Ad Atticum 13.33
Ad Atticum 13.33
Headnote
Cicero to Atticus, written at the Tusculan villa on 3 June 45 BC — Perseus dateline Scr. in Tusculano iii Non. Iun. a. 709 (45). Three short sections of pure business chatter from the Tusculan daily-letter run: an outburst of irritation at Balbus and Faberius for having had to be told repeatedly that the property declaration was filed; an inventory of pending transactions — a Vergilius purchase, a debt with Cispius and Plancus, the haggling with Otho over the Scapulan gardens, a valuation of an estate; and, hanging on to the end, a request for Atticus to look up the consulship of Cnaeus Cornelius and Lucius Mummius (146 BC) in the senatorial decrees, with a prosopographical question about whether Hortensius’s Tuditanus was a quaestor, a military tribune, or simply on the staff in the Achaean war.

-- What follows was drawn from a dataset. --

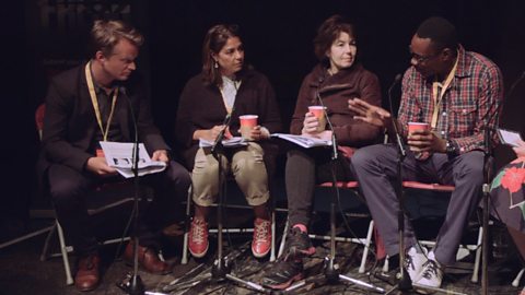 Sheffield Doc/Fest, June 2014. Six emerging filmmakers have pitched for three £3,000 commissions to make a short documentary for BBC Fresh Online. Now the judges gather to critique the ideas and decide which three filmmakers will be selected to make their films. In addition to funding, the winning filmmakers will also receive mentoring from BBC producers and a day in the edit with a professional editor at BBC North in Salford to finish their film.

Three Greek phrases punctuate the letter, all colloquial. dys\=opia — “embarrassment” or “awkwardness” — captures Cicero’s relief at having no scruple about buying a property out from under Vergilius, since he owes the man nothing. katabase\=os — “of the descent” — is the title of one of Dicaearchus’s works (the Descent into Trophonius’s cave), here as a book Cicero is still waiting to receive. eulogon, “plausible,” is the everyday Stoic-philosophical adverb that Cicero reaches for when adjudicating a historical guess. The Latin carries several cruxes preserved as daggers — H in Capitolio, the half-recoverable note on Balbus’s business; exspecto, where the verb governing katabase\=os is uncertain; and two near the close of section 3 where the text breaks down on the question of Antiochus’s position in the army at Corinth.